Almost every year evolution is re defined to some new cockamamie idea that explains why they were mistaken last year. I recently wrote a post about a whale allegedly evolving into a cow and was promptly pooh poohed and sent to a dozen or so websites that said these weren't really ever taught as whale into cows, but had been misinterpreted by the ID’s to make the evo’s look silly. Well, the discovery channel has on, right now, a series called “Morphed”. Guess where they say cows come from?

Get a half dozen evo's in different rooms and have them explain evolution to you and you will get 12 answers. Then they swear they all agree. They think they can draw a picture of some animal morphing into something else and that proves they are correct.

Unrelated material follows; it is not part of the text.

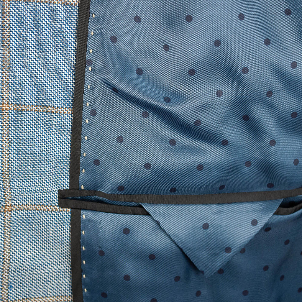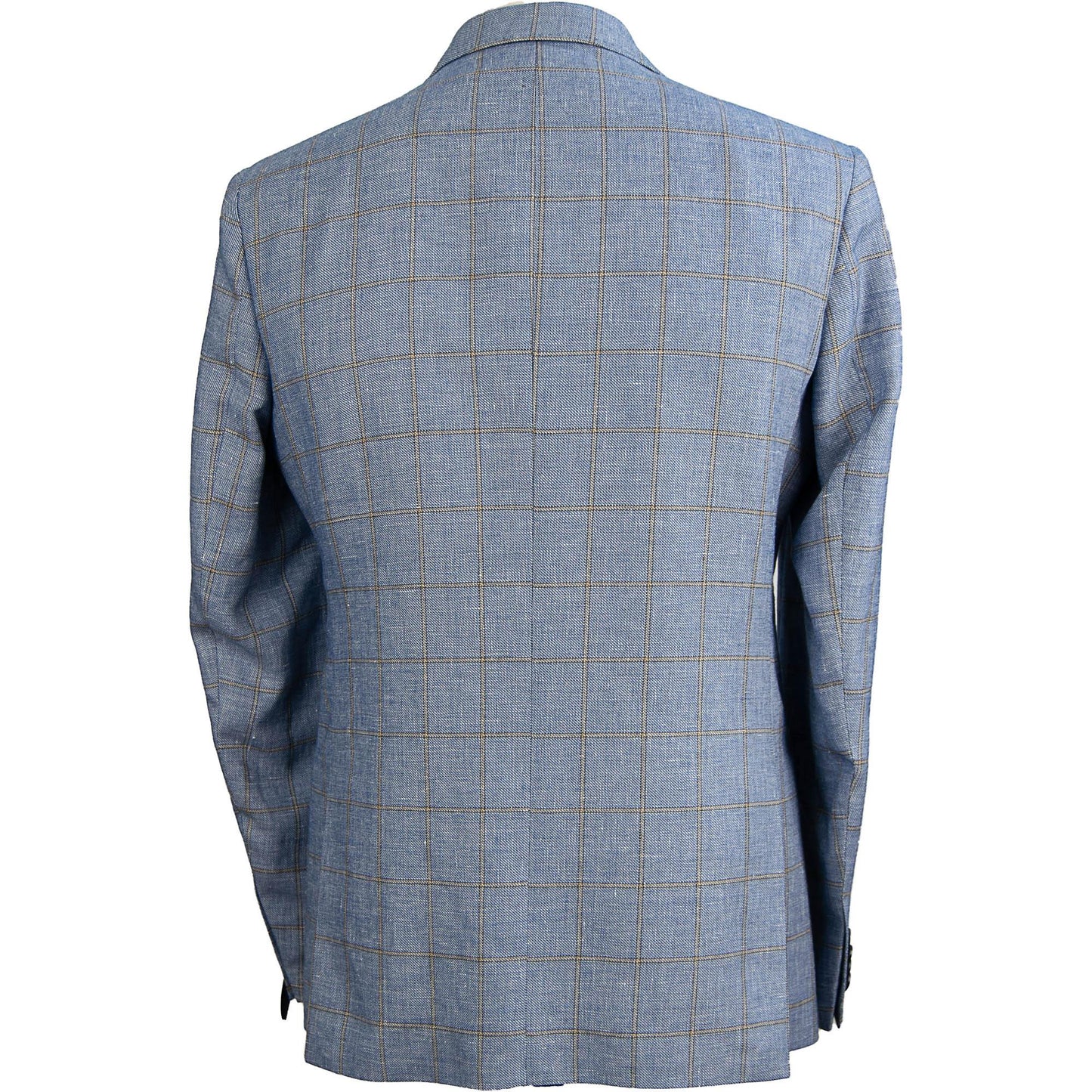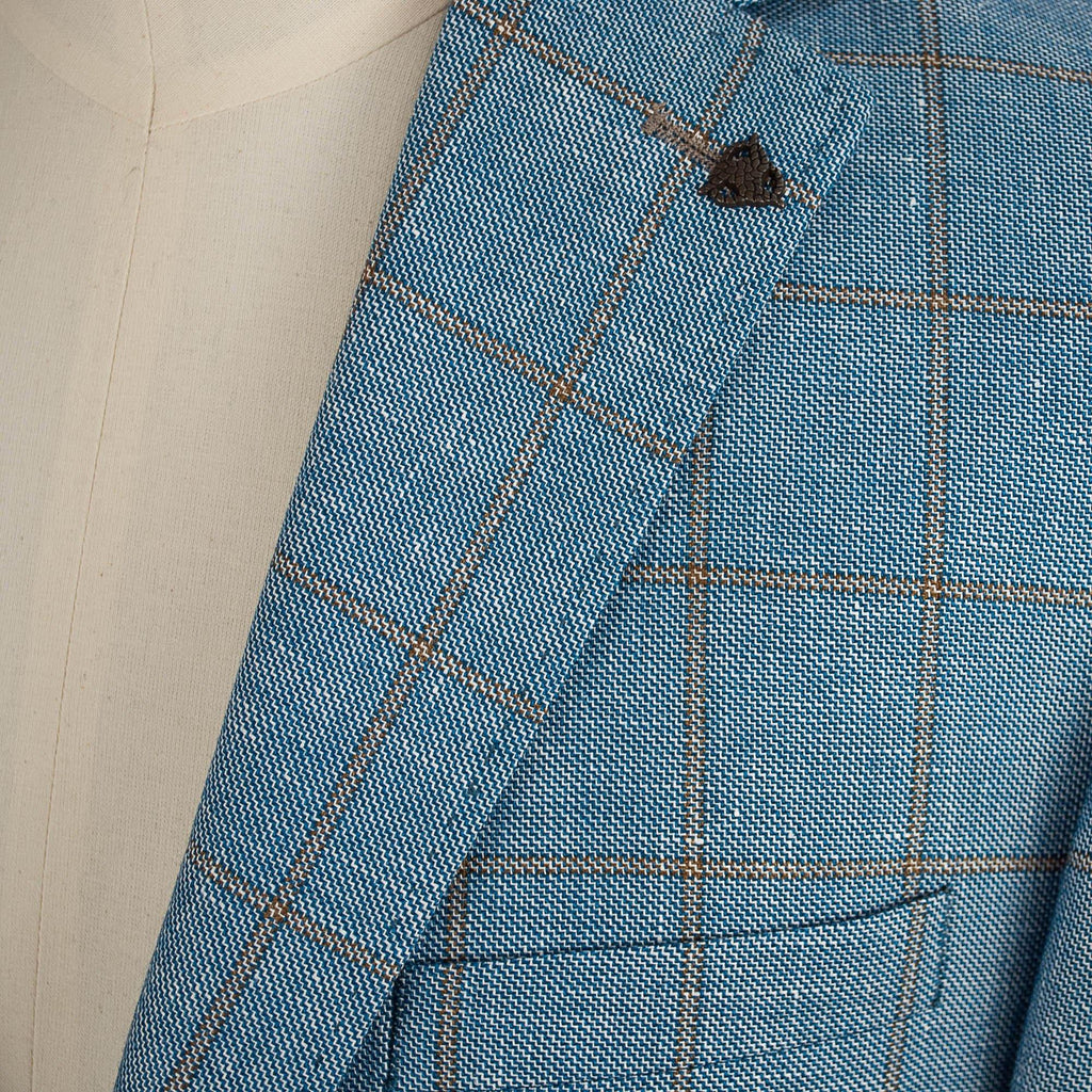 This Roy Robson two-button jacket blends the texture of linen with the structure of virgin wool, making it a smart choice for warm-weather occasions. Cut with a tapered lapel and finished with a decorative pin, it features two patch pockets, a welted breast pocket, and neat brown kissing buttons. Fully lined in viscose for a smooth feel, and styled with side vents for comfort in movement.

If you cut through all the clap trap, what you find is a rebellious person that doesn't want to believe they will answer to an angry God. It boils down to a person making themselves into gods and denying their Creator. That is why it is so tempting to use it for an excuse for murder and hate. We can argue till the cows come home about so and so scientist and this and that discovery, but the truth is, no one will be able to prove any of it. Evolution is a religion with less proof than my religion. It is a mathematical impossibility to have evolved from nothing. When something is impossible, it's time to move on to something else. If you don't want to believe in God, that's fine, but evolution is dead.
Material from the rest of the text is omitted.